He then pursued a concert and operatic career. He appeared with Adelina Patti on numerous occasions, and she said he was her favourite tenor. He often sang at her home, Craig-y-Nos Castle, and he accompanied her on her farewell American tour in 1893–1894. He frequently sang Don José in Carmen, including appearing opposite Zélie de Lussan at Covent Garden in 1893, and also opposite Minnie Hauk. Later, he sang the role at the Manhattan Opera House in New York. The Observer wrote of one of his performances in the role, "His acting was pathetic, impressive and natural; his elocution was polished, and he sang delightfully from beginning to end." He had numerous operatic and concert engagements in London and elsewhere between 1890 and 1893. His operatic appearances included several at the Theatre Royal, Drury Lane, beginning with the Carl Rosa Opera Company in Lurline as Count Rudolph. He also had roles in Mignon, The Bohemian Girl and Maritana.

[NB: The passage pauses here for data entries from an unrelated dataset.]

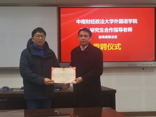 聘任仪式上,蔡圣勤院长为武汉海事法院侯伟高级法官颁发了合作指导教师聘书,胡惮副院长和阮全友副院长为国浩律师(上海)事务所合伙人、中国国际贸易促进委员会和中国国际商会调解中心调解员田中伟律师颁发了合作指导教师聘书。
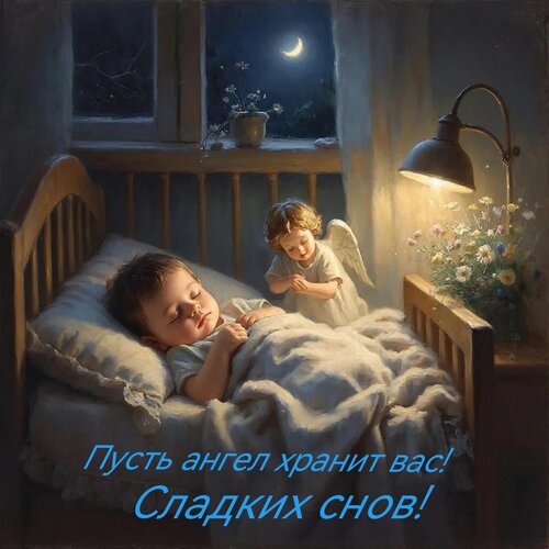 Открытка "Пусть ангел хранит вас! Сладких снов!"
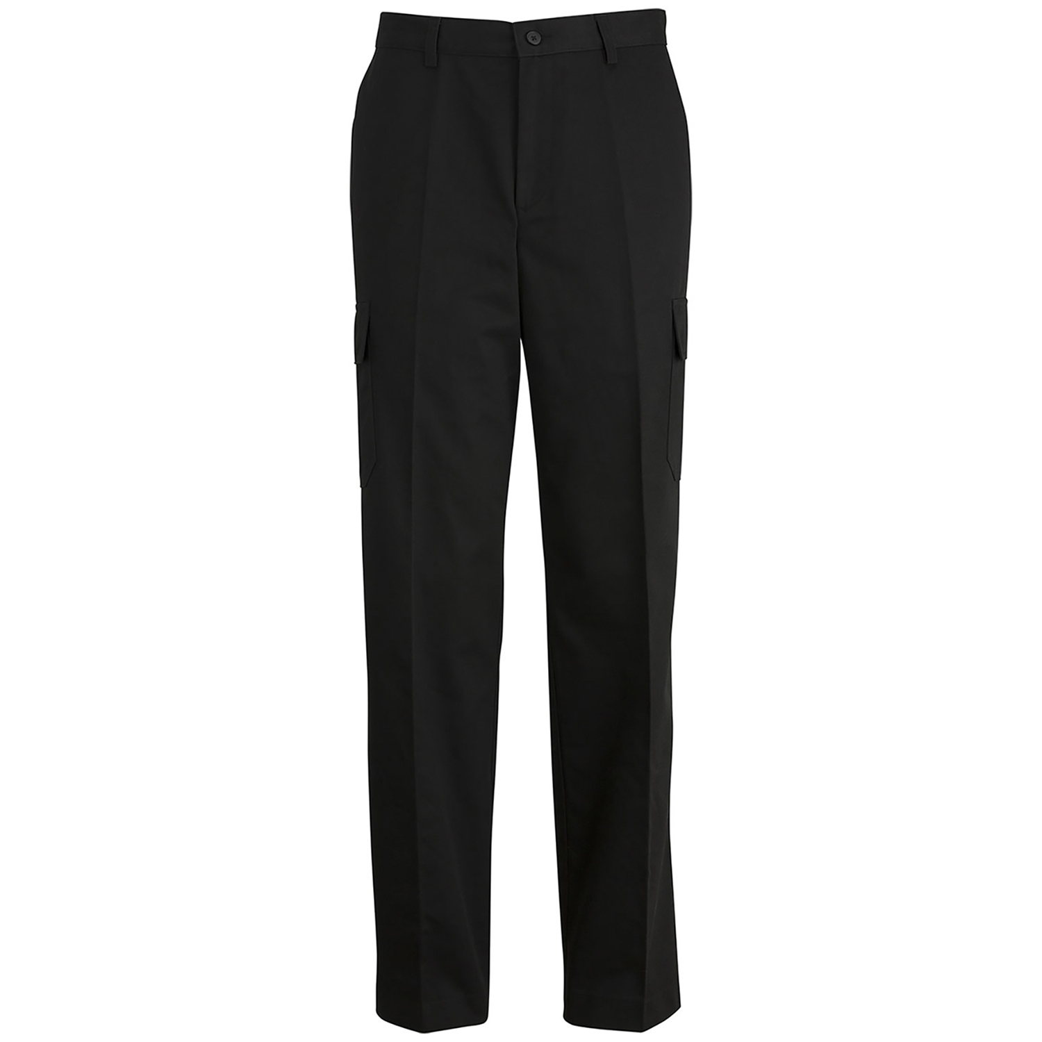 - Flat front, button closure and brass zipper
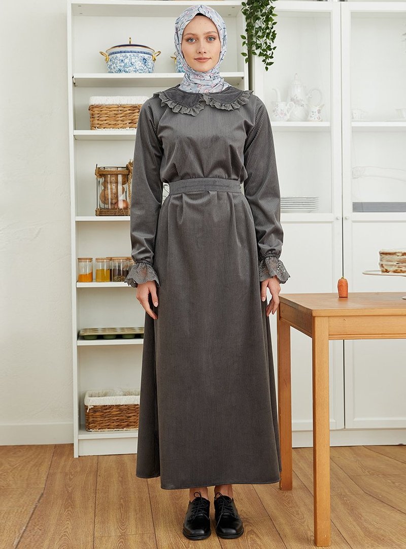 Ceylan Otantik Gri Dantel Detaylı Kadife Bebe Yaka Elbise
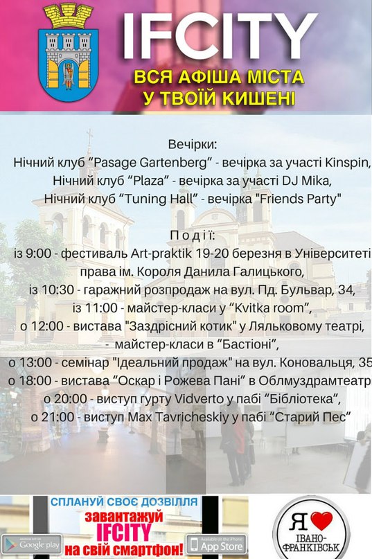 Що цікавого сьогодні у Івано-Франківську? Афіша подій на суботу, 19 березня від медіапартнерів "Фіртки" IF-City.
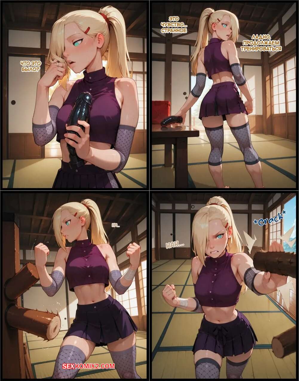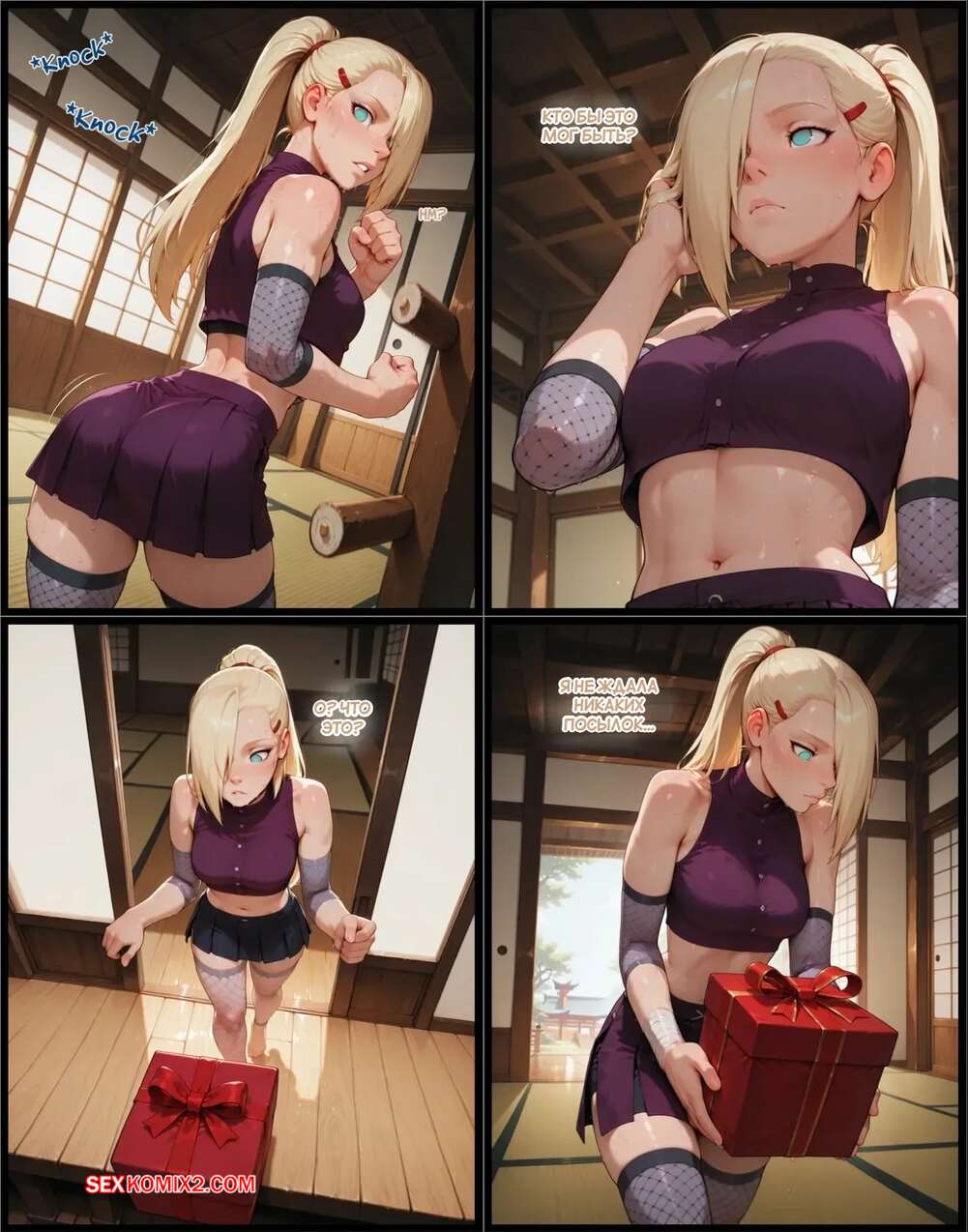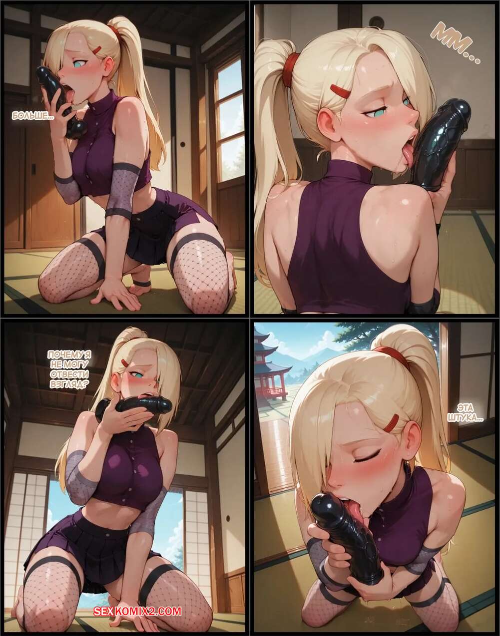 Порно комикс Наруто. Деревня Эрос. Часть 4. The Village of Eros. Sax Красотка получила в подарок заколданный дилдо, изза чего сильно возбудилась. Девушка разделась и стала ласкать свою пизденку, после чего к ней присоединилась подруга и они устроили страсную еблю.
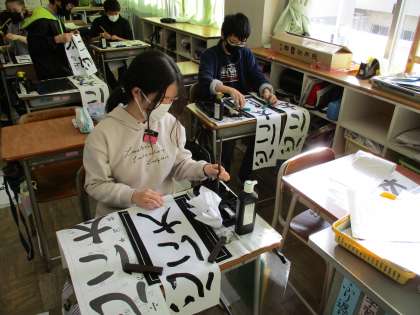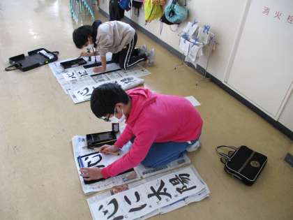 6年生の来年の書き初めは「心に太陽」です。今から少しずつ練習を進めていきます。
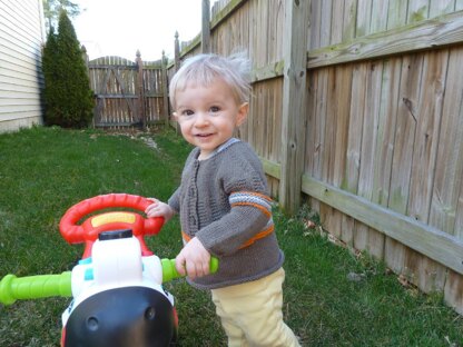 The perfect layering sweater for chilly days when kids need to put on a little "something extra" for outdoor play. Knit top down with lots of texture, and bright stripes for color. The asymetrical yoke opening allows plenty of room for easy over-the-head on and off for babies and toddlers. The construction of the pullover starts out as flat knitting, and becomes in-the-round knitting below the arms. Sleeve sections are put on waste yarn, and then finished at the end. Instructions are in written format.
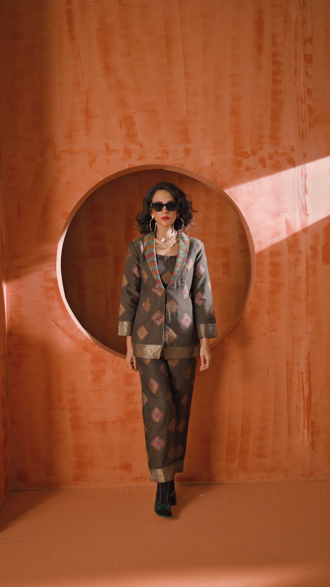 Designer Banarasi 3 piece Coat and Trouser Co-Ord Set
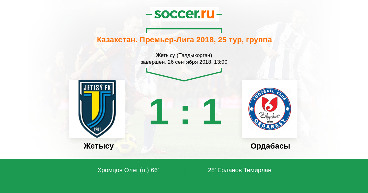 Протокол матча Жетысу против Ордабасы
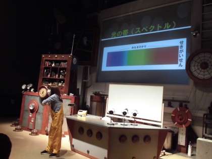 先日のムシテックでの様子です。最初に「サイエンスショー」を見ました。その中で、光の性質について楽しく学びました。
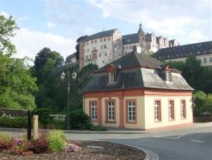 Schloss Weilburg von der Lahn her gesehen Felsen über der Lahn bei Weilburg
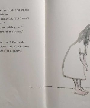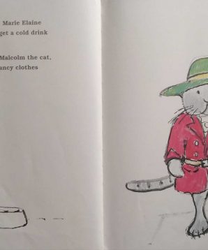 Every night Marie-Elaine’s cat, Malcolm, goes out, and every morning he comes back in and sleeps. “Where do cats go at night?” the girl wonders. So when she sees him at his cat door dressed to the nines, she begs to come along. And amazingly, Malcolm agrees – as long as she puts on her fancy clothes, gets small, and keeps it all a secret.
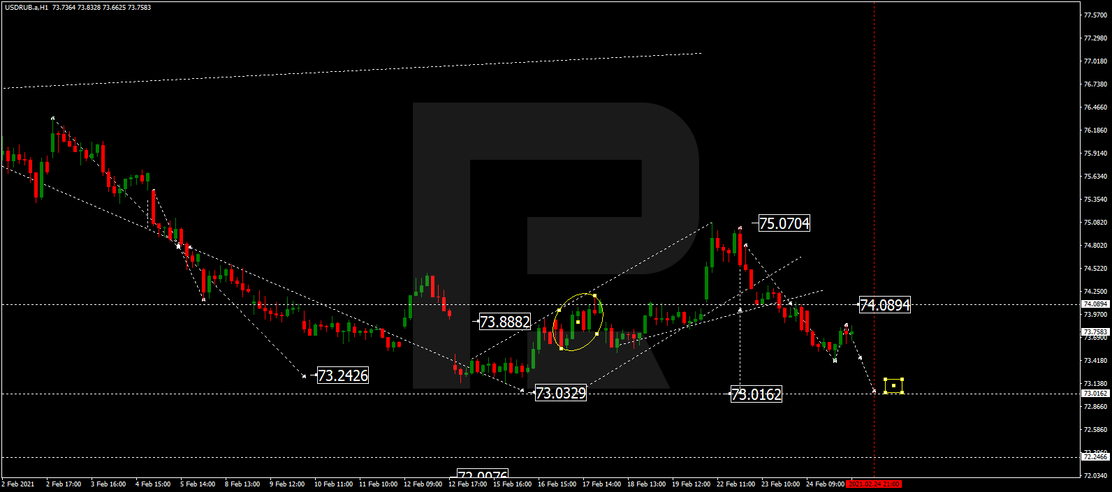 USDRUB is still moving downwards to reach 73.00. After that, the instrument may start a new correction to the upside with the target at 74.00.

In an 1891 interview, Lely stated that he most enjoyed concert work. His performances on the concert stage included Messiah, The Creation, St Paul, Damnation of Faust, Antonín Dvořák's The Spectre’s Bride, The Golden Legend, and Frederic Cowen's St John’s Eve. He also acted widely in Scottish plays with songs, including as Francis Osbaldistone in a stage adaptation of Rob Roy and Henry Bertram in the stage version of Guy Mannering. Of his portrayal in an 1894 production of Rob Roy, a reviewer in The Dundee Courier wrote: "Certainly it is not possible to imagine … a finer Francis Osbaldistone than Mr. Lely. … He sang [his songs] as only he can sing them, and he infused an amount of expression and feeling into "Auld Langsyne" which we never heard equalled. The effect he produced in the chorus of this song was a veritable tour de force, and brought down the house, eliciting an undeniable encore. In 1893, he sang in Arthur Thomas's opera The Golden Web at the Lyric Theatre. He also spent some time performing with his own opera company.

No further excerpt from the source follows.